Established in August, 2009, Air Force Global Strike Command (AFGSC) is the service’s component of U.S. Strategic Command.

Air Force Secretary Frank Kendall told the House Armed Services strategic forces subcommittee on Apr. 27 that Air Force acquisition chief Andrew Hunter and Bill LaPlante, head of acquisition at the Pentagon, recently made an adjustment to the Sentinel program and that reaching Sentinel IOC on time will be a challenge.

Kendall did not detail in his testimony what the Sentinel program adjustment entails.

“It’s also been a very long time since we did an ICBM like this so we don’t have the sort of recent experience we’d like to have,” Kendall said at the Apr. 27 hearing. “At this point as far as I know, we are still holding to the schedule for IOC, but my sense of this is that I think it’s gonna be a challenge to make that.”

Sentinel’s schedule “is of utmost importance to us … given that we have a no bid/no competition contractor so we’re gonna watch it closely,” Rep. John Garamendi (D-Calif.) told Kendall at the hearing. Kendall must recuse himself from Sentinel decisions because of his previous consulting work for Northrop Grumman.

A Selected Acquisition Report released last year noted that the Sentinel program has had schedule difficulties related to cleared personnel staffing, classified information technology infrastructure, and booster electronics development.

Last month, Northrop Grumman said that it had recently completed the first full-scale static test of a Sentinel solid rocket motor at the company’s test facility in Promontory, Utah, as the company readies for possible first flight of a Sentinel prototype this year.

A Defense Department report sent to Congress last September indicated a possible 10-month delay in the Sentinel development effort, yet Air Force Brig. Gen. Ty Neuman, the service’s director of concepts, said in February that Northrop is still on track to perform a full-scale inaugural flight test in 2023. The Air Force’s estimated acquisition cost for the 634 Sentinel missiles is $95.8 billion, while estimated life-cycle costs into the 2070s are nearly $264 billion.

Sentinel features a three-stage booster rocket. Northrop Grumman, which has an in-house solid rocket motor business, will make the missile’s first- and second-stage solid motors.
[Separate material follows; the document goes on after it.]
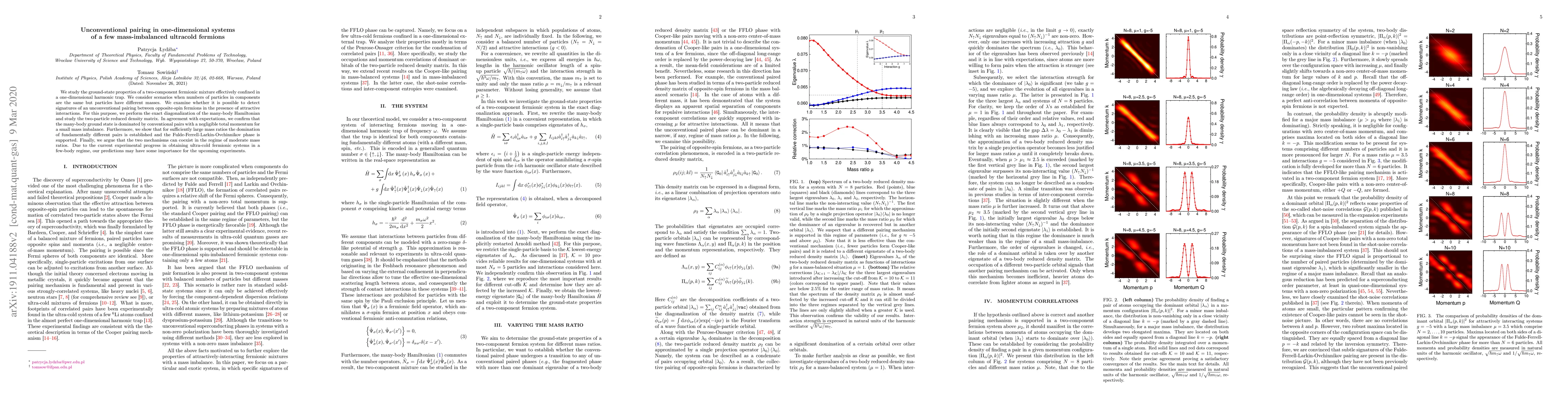 We study the ground-state properties of a two-component fermionic mixture effectively confined in a one-dimensional harmonic trap. We consider scenarios when numbers of particles in components are the same but particles have different masses. We examine whether it is possible to detect signatures of an unconventional pairing between opposite-spin fermions in the presence of attractive interactions. For this purpose, we perform the exact diagonalization of the many-body Hamiltonian and study the two-particle reduced density matrix. In agreement with expectations, we confirm that the many-body ground state is dominated by conventional pairs with a negligible total momentum for a small mass imbalance. Furthermore, we show that for sufficiently large mass ratios the domination of fundamentally different pairs is established and the Fulde-Ferrell-Larkin-Ovchinnikov phase is supported. Finally, we argue that the two mechanisms can coexist in the regime of moderate mass ratios. Due to the current experimental progress in obtaining ultra-cold fermionic systems in a few-body regime, our predictions may have some importance for the upcoming experiments.

Aerojet Rocketdyne, the last independent U.S. provider of solid rocket stages, will make the third-stage motor.

Sentinel will initially carry the W87-0 thermonuclear warhead, refurbished versions of the W87 from the Minuteman missiles it will replace. Later in its fielding, the new missiles will be tipped with the W87-1 warhead, a newly manufactured copy of the Minuteman’s W78 warhead, but with a fresh plutonium pit. 

The National Nuclear Security Administration’s Lawrence Livermore National Laboratory will provide both warheads. The Los Alamos National Laboratory will provide the first new W87-1 pits.

This story first appeared in Exchange Monitor affiliate publication Defense Daily.